> **Brief**
Quote exactly, and only, the lines from the one containing "林内Rinnai抽吸油烟机家用大吸力挥手自清洁侧吸式NM09J" through the end of the material below. Skip pictures.
- Opening Delimiter -
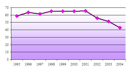 Рис. 6. Общая раскрываемость преступлений в г. Уссурийске (%) УВД г. Уссурийска по-прежнему уделяет внимание вопросам профессиональной подготовки и самоподготовки личного состава, в том числе по действиям в чрезвычайных обстоятельствах. Были проведены ТСУ с привлечением личного состава ОВД Уссурийской оперативной зоны по пресечению захвата важных объектов, КШУ по ликвидации бандформирований, КШУ по пресечению захвата важных объектов и массовых беспорядков в населенном пункте, тренировки личного состава УВД г. Уссурийска по розыску и задержанию вооруженных и иных особо опасных преступников, освобождению заложников. В течение 2004 года подразделениями УВД г. Уссурийска был проведен ряд организационных и практических мероприятий, направленных на активизацию работы по формированию положительного общественного мнения посредством использования возможностей средств массовой информации. Одним из основных критериев оценки деятельности органов внутренних дел является мнение населения о деятельности милиции. У 33 % опрошенных оно складывалось под воздействием теле-, радиопередач и публикаций в прессе. В соответствии с утвержденными графиками выступлений руководителей служб и подразделений, в газетах «Новая», «Коммунар», «Уссурийские новости», «Приморский экспресс» было опубликовано 315 материалов о деятельности городского управления, на радио прошли в эфире 527 выступлений сотрудников, совместно с телекомпаниями «Телемикс» и «Уссурийск» подготовлены 156 телепередач о работе управления (в 2003 г. - 135). С представителями городских СМИ была организована пресс-конференция, 48 «прямых эфиров» на радио, проведено 38 конкурсов и викторин. Таким образом, в УВД г. Уссурийска ведется большая работа по созданию положительного общественного мнения о его деятельности, что позволяет позитивно влиять на мнение населения, способствует привлечению граждан к участию в борьбе с преступностью, предупреждению правонарушений. Результатом этой работы является тот факт, что в 1997 году по данным опроса положительно деятельность УВД г. Уссурийска оценивали лишь 17 % граждан, по данным последнего опроса общественного мнения уже каждый второй житель города деятельность УВД г. Уссурийска оценивает удовлетворительно. Вместе с тем в деятельности подразделений УВД г. Уссурийска имеется и ряд недостатков: - недостаточная эффективность профилактической работы с лицами, ранее совершавшими преступления, в том числе несовершеннолетними; - низкий уровень взаимодействия следователей, дознавателей и сотрудников ОУР на всех этапах расследования уголовных дел, отсутствие должного обмена информацией по преступлениям имущественного характера; - недостаточно высокий уровень аналитической работы в службах и подразделениях по видам преступлений; - низкий уровень осведомленности оперативного состава о лицах, совершающих преступления, в том числе несовершеннолетних; - отсутствие должного качества оперативной работы. В целях устранения имеющихся недостатков, а также решения наиболее важных проблем борьбы с преступностью целесообразными могут оказаться следующие меры: - повышение эффективности профилактической работы для предотвращения квартирных краж, краж и угонов автотранспорта с максимальным использованием возможностей СМИ; - дальнейшее изучение вопро
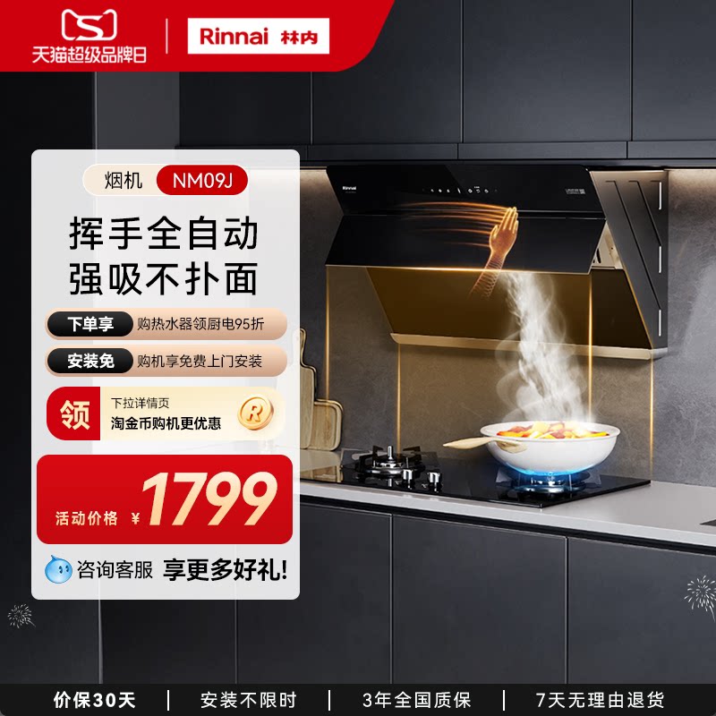 林内Rinnai抽吸油烟机家用大吸力挥手自清洁侧吸式NM09J
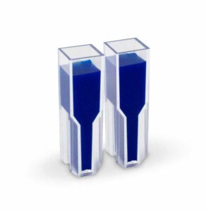 Volume 1,5 mL; Passo 10 mm; CV de tranmitância < 0,3%; Largura interna 10,8 mm; Dimensão externa 12,4 mm; 100 unidades/caixa
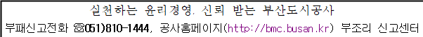 ○ 부조리신고센터(익명․실명 신고가능) : 부산도시공사 홈페이지(https://www.bmc.busan.kr)
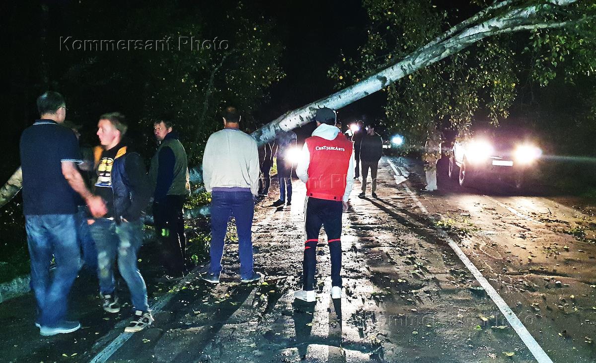 Последствия урагана - упавшее на дорогу дерево остановило движение. Водители расчищают дорогу.
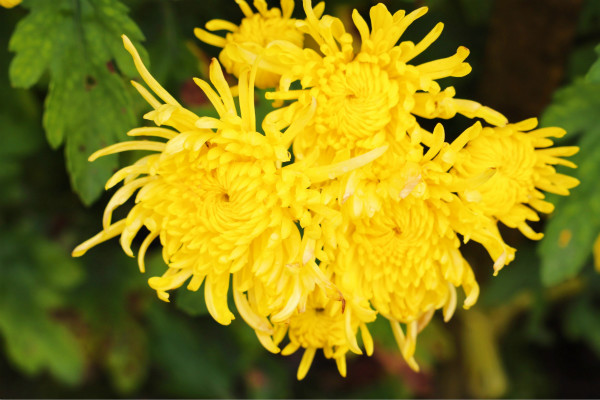 绿叶间,菊花迎风而立、欣然绽放,展现着不同寻常的美。(陈溪莲 摄)
- Closing Delimiter -
> **Finished task**
 林内Rinnai抽吸油烟机家用大吸力挥手自清洁侧吸式NM09J
 Volume 1,5 mL; Passo 10 mm; CV de tranmitância < 0,3%; Largura interna 10,8 mm; Dimensão externa 12,4 mm; 100 unidades/caixa
 ○ 부조리신고센터(익명․실명 신고가능) : 부산도시공사 홈페이지(https://www.bmc.busan.kr)
 Последствия урагана - упавшее на дорогу дерево остановило движение. Водители расчищают дорогу.
 绿叶间,菊花迎风而立、欣然绽放,展现着不同寻常的美。(陈溪莲 摄)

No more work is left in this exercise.